⟨

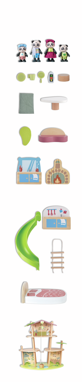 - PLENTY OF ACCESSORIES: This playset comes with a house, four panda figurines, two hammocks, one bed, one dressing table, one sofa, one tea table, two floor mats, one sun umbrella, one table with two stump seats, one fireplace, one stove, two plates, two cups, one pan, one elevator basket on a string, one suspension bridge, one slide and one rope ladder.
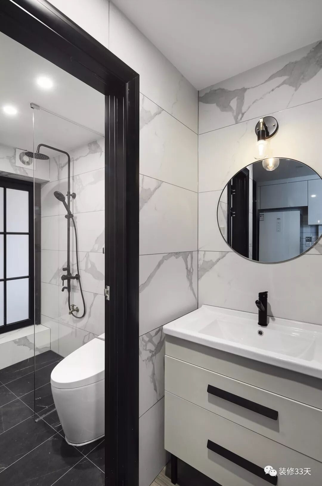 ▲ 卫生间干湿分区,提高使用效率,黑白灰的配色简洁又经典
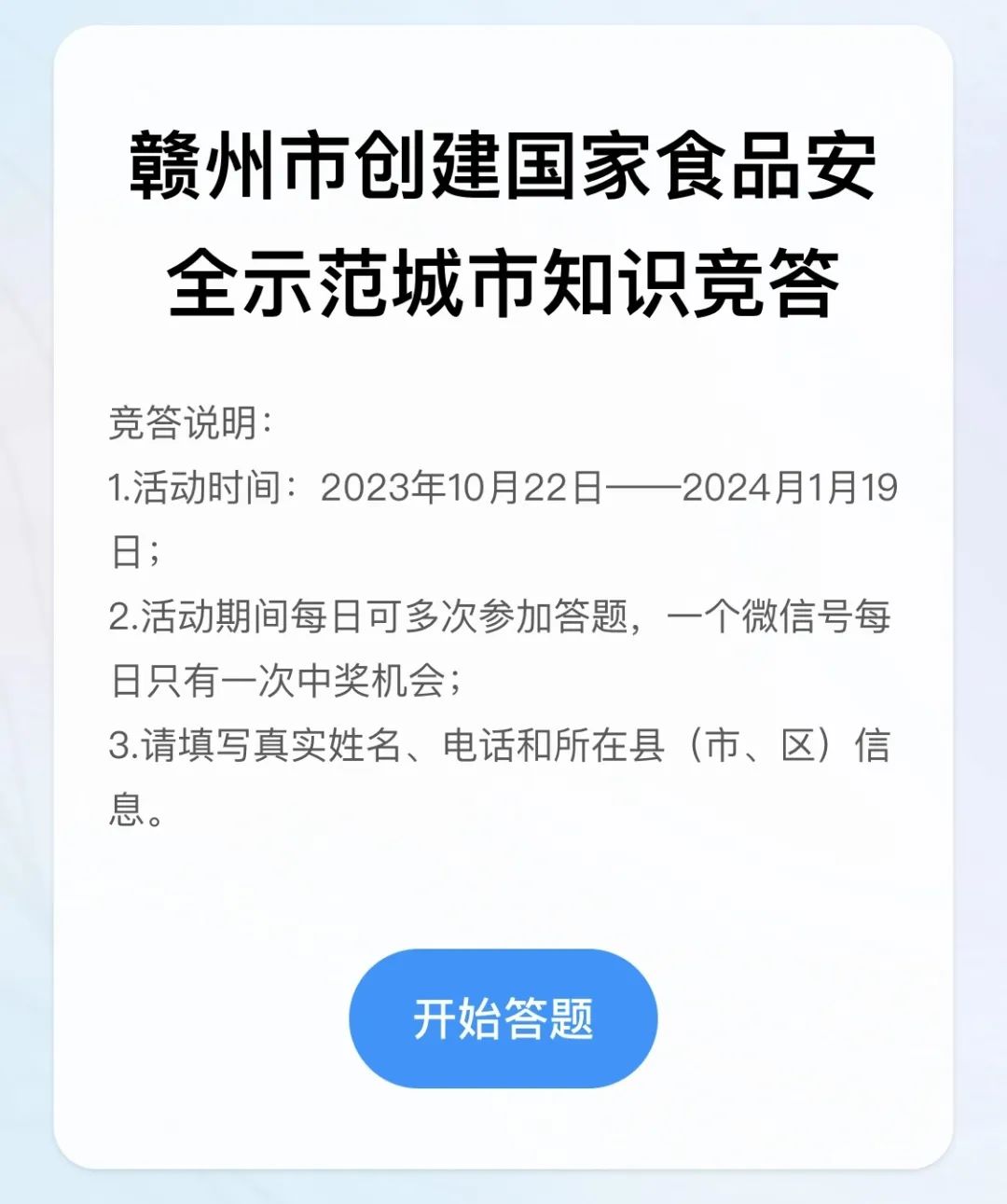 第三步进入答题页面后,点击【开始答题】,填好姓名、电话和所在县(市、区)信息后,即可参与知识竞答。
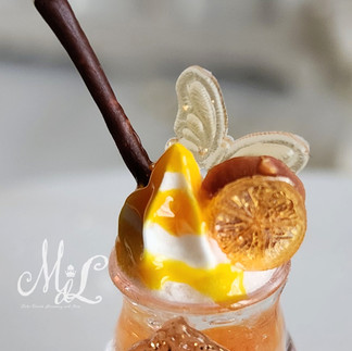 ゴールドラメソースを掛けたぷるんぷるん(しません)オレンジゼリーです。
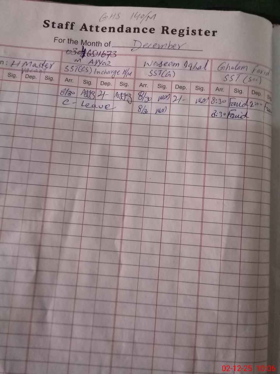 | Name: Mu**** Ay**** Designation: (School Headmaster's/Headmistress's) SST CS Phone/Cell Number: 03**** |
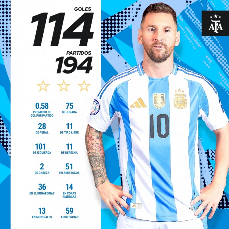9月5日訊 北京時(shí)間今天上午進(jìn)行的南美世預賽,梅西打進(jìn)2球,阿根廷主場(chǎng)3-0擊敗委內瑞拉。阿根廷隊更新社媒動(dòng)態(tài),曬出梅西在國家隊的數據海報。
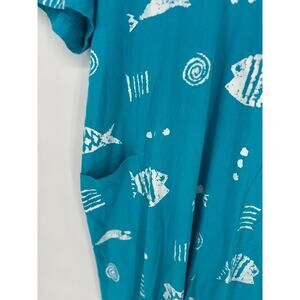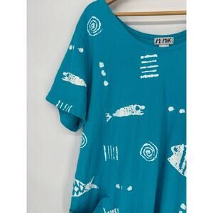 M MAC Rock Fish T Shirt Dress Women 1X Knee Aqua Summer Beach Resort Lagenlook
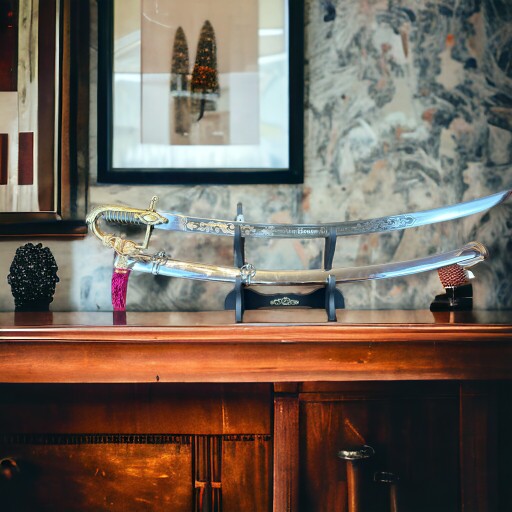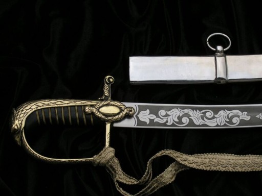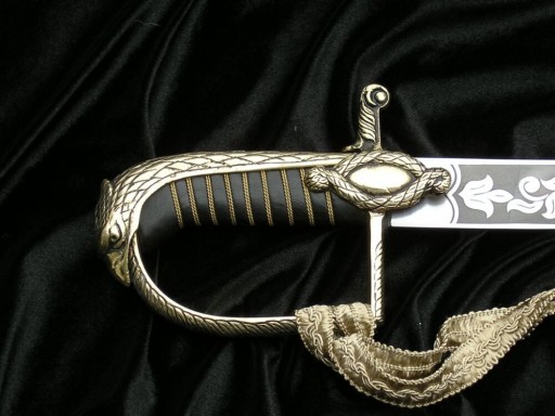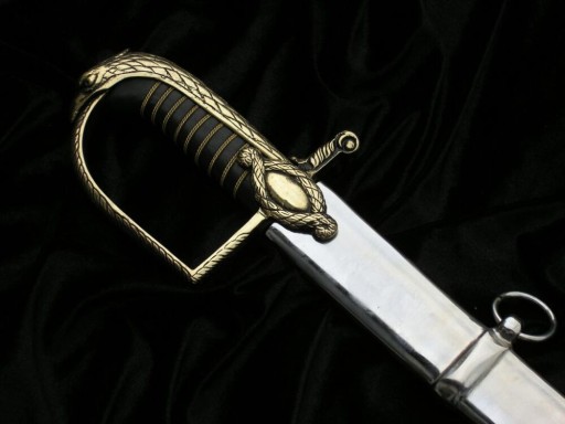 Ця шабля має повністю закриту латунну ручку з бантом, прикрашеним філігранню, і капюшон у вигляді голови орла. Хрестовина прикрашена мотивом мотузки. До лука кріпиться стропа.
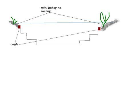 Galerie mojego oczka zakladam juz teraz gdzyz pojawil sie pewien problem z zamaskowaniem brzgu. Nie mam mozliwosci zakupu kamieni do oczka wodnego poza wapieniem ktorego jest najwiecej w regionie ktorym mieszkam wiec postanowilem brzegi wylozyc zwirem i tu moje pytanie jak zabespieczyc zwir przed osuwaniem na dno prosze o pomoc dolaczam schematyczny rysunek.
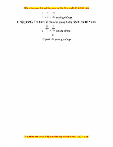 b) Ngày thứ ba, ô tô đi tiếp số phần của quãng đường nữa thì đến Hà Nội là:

⟩

Activity ->
Repeat the lines exactly, starting with the line that contains "Number: 03**** |" and ending with the last line of the entries. Keep both of those lines but no pictures.

Answer section ->
 | Name: Mu**** Ay**** Designation: (School Headmaster's/Headmistress's) SST CS Phone/Cell Number: 03**** |
9月5日訊 北京時(shí)間今天上午進(jìn)行的南美世預賽,梅西打進(jìn)2球,阿根廷主場(chǎng)3-0擊敗委內瑞拉。阿根廷隊更新社媒動(dòng)態(tài),曬出梅西在國家隊的數據海報。
 M MAC Rock Fish T Shirt Dress Women 1X Knee Aqua Summer Beach Resort Lagenlook
 Ця шабля має повністю закриту латунну ручку з бантом, прикрашеним філігранню, і капюшон у вигляді голови орла. Хрестовина прикрашена мотивом мотузки. До лука кріпиться стропа.
 Galerie mojego oczka zakladam juz teraz gdzyz pojawil sie pewien problem z zamaskowaniem brzgu. Nie mam mozliwosci zakupu kamieni do oczka wodnego poza wapieniem ktorego jest najwiecej w regionie ktorym mieszkam wiec postanowilem brzegi wylozyc zwirem i tu moje pytanie jak zabespieczyc zwir przed osuwaniem na dno prosze o pomoc dolaczam schematyczny rysunek.
 b) Ngày thứ ba, ô tô đi tiếp số phần của quãng đường nữa thì đến Hà Nội là:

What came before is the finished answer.